In 2002 Canderel-Stoneridge started this massive project, including the redevelopment of acres of old Massey-Harris industrial lands surrounding the office building. From this we got more than just the Massey Harris Lofts – the DNA 1 & 2 buildings are part of the project, as well as the aptly-named Massey Harris Park.
While much of the original building’s interior had been gutted, key architectural and design elements were retained wherever possible. Some of these features include: exposed brick walls; wood beams; over-sized bay windows; and pillars with cornice trim. The company’s vaults with barrel-shaped ceilings will be converted to washrooms in the seven units in which they are located. Those have to be seen to be believed!
NB: The only other loft with such a feature is the old ball-bearing factory at 347 Sorauren. One of the lofts at the front of the building is the old office for the owner of the company. The bathroom in that unit is the old vault, complete with big metal door and all! And then there is the Boiler Factory Lofts at 189 Queen, where a big old wall-safe was turned into a closet. This is the beauty of converting old buildings, they are full of cool little surprises like this.
Many of the lofts that have been converted in Toronto in the past decade or two have been conversions of industrial factories and warehouses possessing little historical significance (as I well understand when I do my research and find that some have nothing, no history, no record). In contrast, 915 King Street West was the corporate headquarters of one of Canada’s most well-known companies (with history stretching from King Street West to Jarvis Street). This 1885 office building designed with classic detailing and styling (by E. J. Lennox no less, one of Toronto most famous architects!) that set it far above the surrounding factory buildings.
Unfortunately, as with many large manufacturing companies, the end was not a pleasant one. In the 1980s Massey-Ferguson and its new chairman and chief executive officer, Victor Rice, fought off collapse while the firm underwent three restructurings between 1981 and 1986. Renamed Varity Corporation in 1986, in surfaced from the remains of Massey-Ferguson. In 1991, the company officially moved to Buffalo (Williams-Butler House at 672 Delaware Avenue in the Millionaire Row area of Buffalo) and ceased to be a Canadian corporation. In 1994, in a deal worth $310-million in cash and stock, the farm equipment divisions of Varity were sold to the US-based AGCO Corporation who continue to use Massey-Ferguson as a product line today.
The Massey Harris Lofts offer residents loft living with an exclusive boutique atmosphere like no other in Toronto. The lofts range in size from 450 to 1,000 square feet and used award-winning interior design firm Cecconi Simone to design the building’s interiors.

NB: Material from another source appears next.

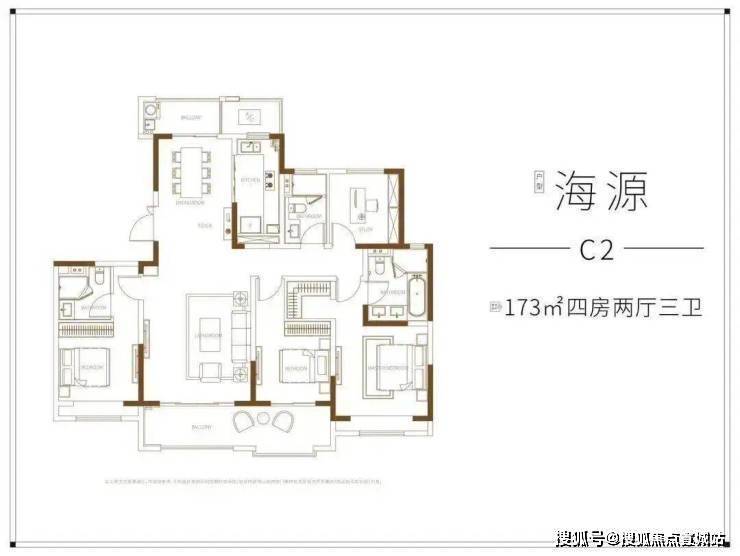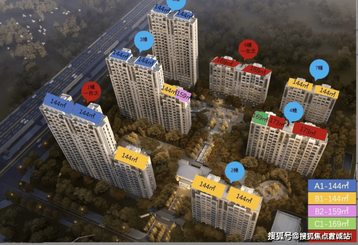 主力户型:精装高层,建筑面积约144㎡(三居)、173㎡(四居),均为一梯一户设计,层高3.1米

The lofts are located right beside Massey Harris Park, constructed by landscape architects to reflect a rural oasis in an urban setting. The park has natural grasses, a variety of intersecting pathways and boardwalks, a bocce pitch, a small water park for kids, drinking fountain for dogs plus artistic features. Liberty Village with all its amenities is located directly to the south of the Massey Harris lofts and the location makes it easy to access shopping along West Queen West. The King streetcar runs in front of the building providing easy access to the Financial and Entertainment Districts.
They don’t come up for sale often, and when they do they sure sell fast!